**How to complete this task:** Where the records below reach the line containing "タートルネックやブラウスとの重ね着で洗練された雰囲気を演出できます。", start transcribing, and end with the line containing "For example, you", exactly and with nothing else added.

**Records shown:**
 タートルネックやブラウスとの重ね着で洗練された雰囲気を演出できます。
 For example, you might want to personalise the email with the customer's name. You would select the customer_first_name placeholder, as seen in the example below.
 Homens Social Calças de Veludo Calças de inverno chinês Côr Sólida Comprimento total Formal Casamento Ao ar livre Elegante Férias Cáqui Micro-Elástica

* * *

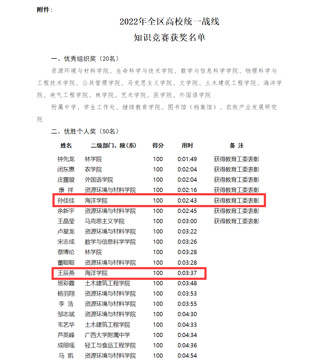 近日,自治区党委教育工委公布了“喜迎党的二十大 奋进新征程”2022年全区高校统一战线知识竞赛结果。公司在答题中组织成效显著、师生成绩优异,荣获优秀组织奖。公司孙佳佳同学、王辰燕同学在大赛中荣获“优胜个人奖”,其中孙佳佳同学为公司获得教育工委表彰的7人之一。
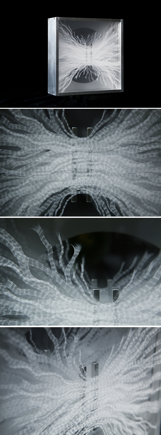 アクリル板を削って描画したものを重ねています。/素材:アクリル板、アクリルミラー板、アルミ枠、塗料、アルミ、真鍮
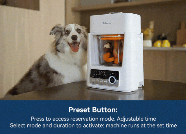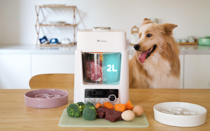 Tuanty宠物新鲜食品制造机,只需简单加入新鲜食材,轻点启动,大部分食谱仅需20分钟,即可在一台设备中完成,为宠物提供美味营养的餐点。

**Finished exercise:**
 タートルネックやブラウスとの重ね着で洗練された雰囲気を演出できます。
 For example, you might want to personalise the email with the customer's name. You would select the customer_first_name placeholder, as seen in the example below.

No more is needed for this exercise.